HISTORICO DA LINHA: Em 1877, a Paulista abria o primeiro trecho, partindo de Cordeiros até Araras, do que seria o prolongamento de seu tronco. Em 1880, a linha, com o nome de Estrada do Mogy-Guassú, atingia Porto Ferreira, na mesma época em que a autorização para cruzar o Mogi e chegar a Ribeirão Preto foi indeferida pelo Governo Provincial, em favor da Mogiana. A linha, então, foi desviada para oeste e atingiu Descalvado no final de 1881, seu ponto final. Em 1916, as modificações da Paulista na área entre Rio Claro e São Carlos, na linha da antiga Rio-Clarense, fizeram com que o trecho fosse considerado como novo tronco, deixando a linha a partir de Cordeiros como o Ramal de Descalvado. Desde o começo em bitola larga (1,60m), ele funcionou para trnes de passageiros até julho de 1976 (Pirassununga-Descalvado) e até fevereiro de 1977 (Cordeirópolis-Pirassununga). Trens cargueiros andaram pela linha até o final dos anos 1980. Abandonado, o ramal teve os trilhos arrancados entre 1996 e 1997, sobrando apenas o trecho inicial até Araras com seus trilhos enferrujando ao tempo.
 
A ESTAÇÃO: A então cidade de Senhor Bom Jesus dos Aflitos de Pirassununga, fundada em 1826 e elevada a vila em 1865, inaugurou sua estação em outubro de 1878, como ponta de linha, a cerca de um quilômetro da praça central da cidade.
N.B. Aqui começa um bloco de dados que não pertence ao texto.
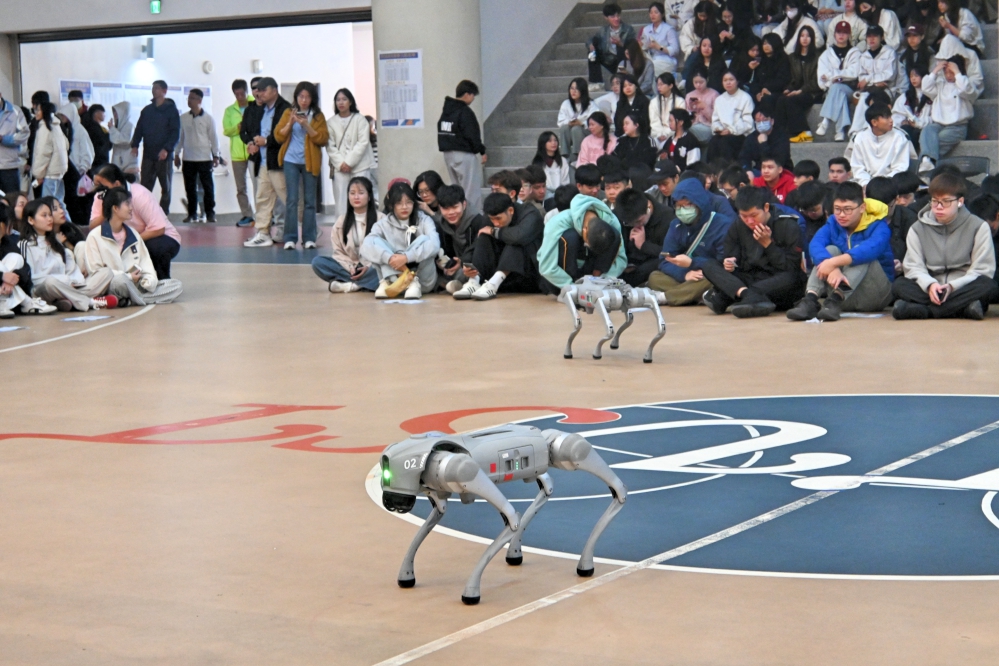 ▲敏實科大五週年校慶活動現場,校方特別安排機器狗活靈活現的精彩表演。(圖/敏實科大提供)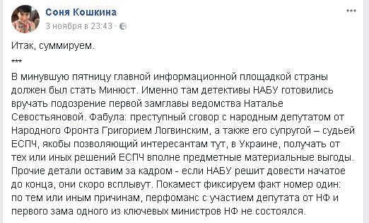 Кроме того, супругой народного депутата от "Народного фронта" Логвинского является судья ЕСПЧ Анна Юдковская. По сведениям журналистки Сони Кошкиной, детективы НАБУ в начале ноября готовились вручать подозрение первой замглавы Минюста Наталье Севостьяновой. "Фабула: преступный сговор с народным депутатом от Народного Фронта Григорием Логвинским, а также его супругой – судьей ЕСПЧ, якобы позволяющий интересантам тут, в Украине, получать от тех или иных решений ЕСПЧ вполне предметные материальные выгоды":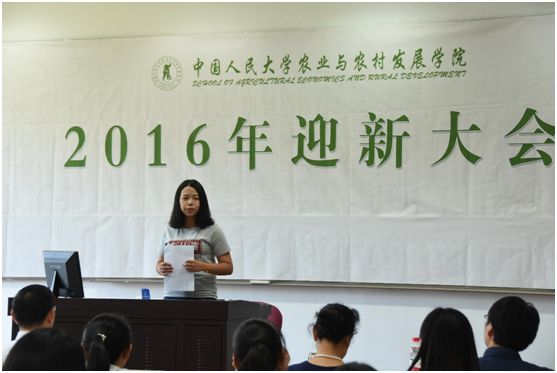 2016年迎新大会在国学馆226教室隆重举行。学院全体院领导、校友代表、在校生代表、学院部分行政老师以及2016级本、硕、博班主任和全体新生出席了大会。会议由学院党委书记张利庠教授主持。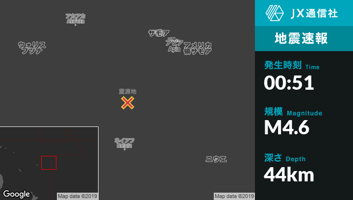 9月18日 00:51頃、トンガのHihifoから南64kmの地点でM4.6の地震がありました。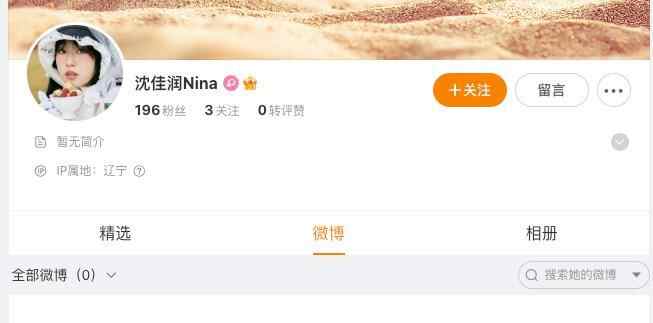 目前,沈佳润已开通微博,但暂还未发布任何内容。截至发稿,仅有近200名粉丝,关注了小沈阳。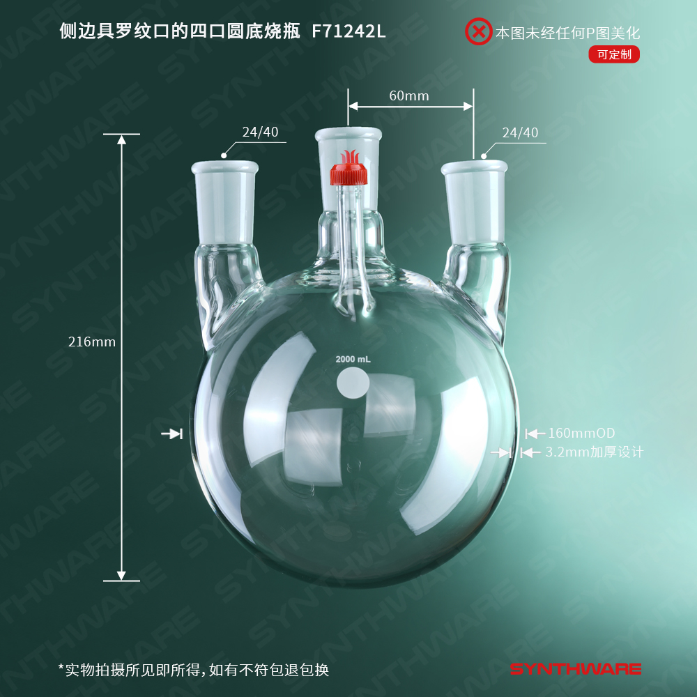 侧边具罗纹口的四口圆底烧瓶,中心磨口:24/40,侧磨:24/40,2000ml F71242L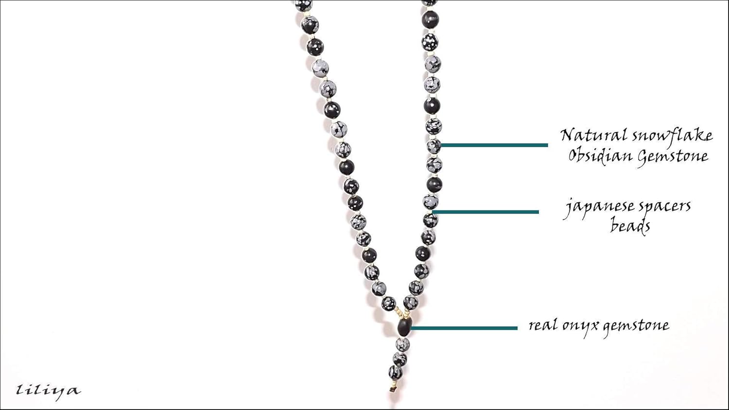 | Material | Natural snowflake Obsidian, japanese spacers beads, onyx |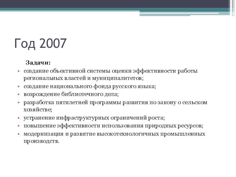 создание объективной системы оценки эффективности работы региональных властей и муниципалитетов;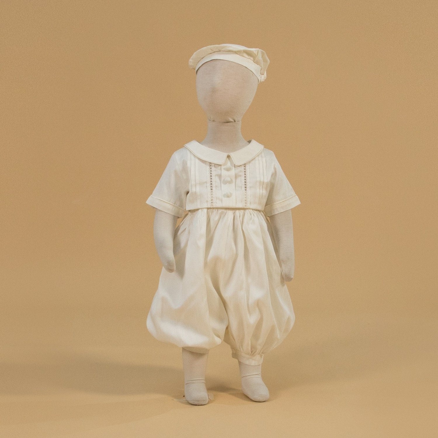 Un ropón desmontable de niño, que tiene un elegante faldón tableado de manera impecable. Se pone en una pretina especial que tiene el bombacho, de manera que se puede abrochar y desabrochar, sin que se note que está añadida la falda, Incluye boina y estola.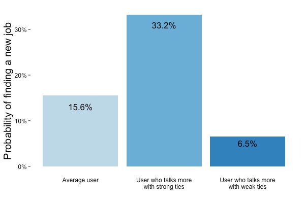 根據調查,臉書用戶在三個月內找到工作的平均比率為15.6%,與強烈連結友人有更多交流的用戶找到工作的比例為33.2%,若是與薄弱連結友人有更多交流的用戶找到工作的只有6.5%。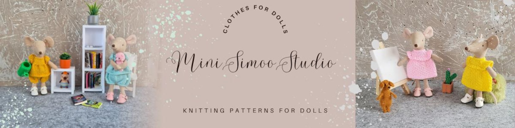 My name is Valentina, and I design and knit amigurumi toys (you can visit my first store, MiniSimoo.etsy.com), as well as knit clothes for dolls, Mia Nines d'Onil, Paola Reina, and Maileg Mouse. A few years ago, I first saw Paola Reina dolls and absolutely fell in love with them! When I got my Violet, I started designing and crocheting and knitting tiny outfits for her. Now I continue to knit and sew seamless sweaters, overalls, dresses, and hats. But if you're interested in creating your own doll outfits, visit my store, MiniSimooStudio.etsy.com, to find knitting patterns.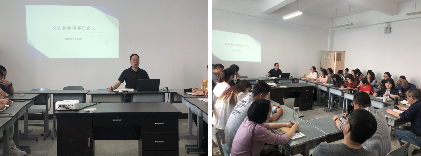 2022年3月14日下午,公教部副主任杨伦军组织部门教师集中学习了学校第二届教职工代表暨工会会员代表大会第一次会议精神,强调常态化疫情防控工作和2022年青教赛工作。公教部全体老师参与了本次会议。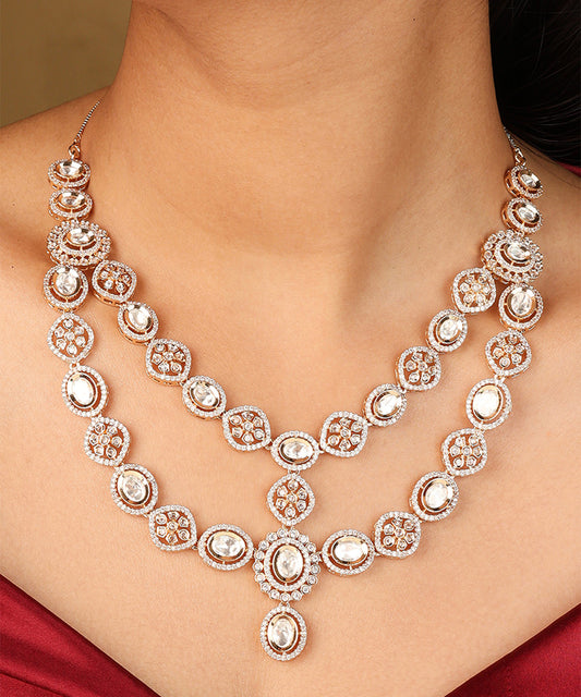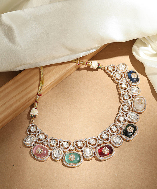 Gold Plated American Stone Studded Floral Shape Necklace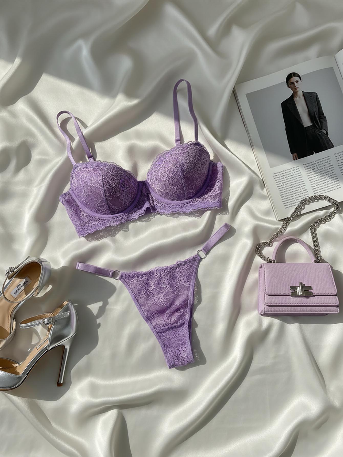 Women Sexy Lingerie With Underwire And Thong Panties Two-Piece Set For Going Out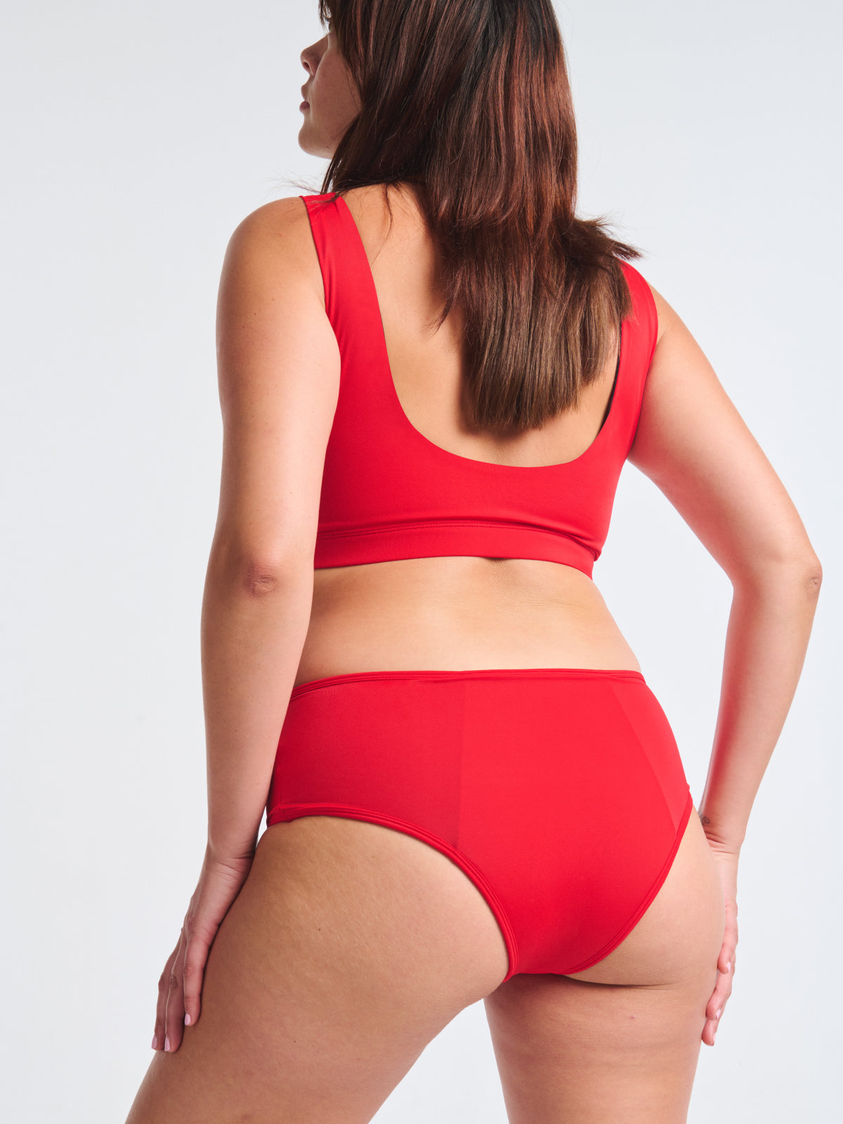 REPEAT propone il suo slip bikini mestruale per tutti i flussi, con un taglio shorty coprente e in un rosso vibrante, per offrire la soluzione efficace, confortevole e alla moda che la tua adolescente merita per godersi appieno le sue giornate al mare o in piscina, con o senza ciclo.

Tinha, na época (dados de 1876), uma população de 7.169 habitantes, sendo 1.376 escravos, que trabalhavam especialmente na lavoura de café e na cultura de cereais. Possuía duas cadeiras de instrução primária, para ambos os sexos, e foi por muito tempo a maior e mais importante cidade do ramal.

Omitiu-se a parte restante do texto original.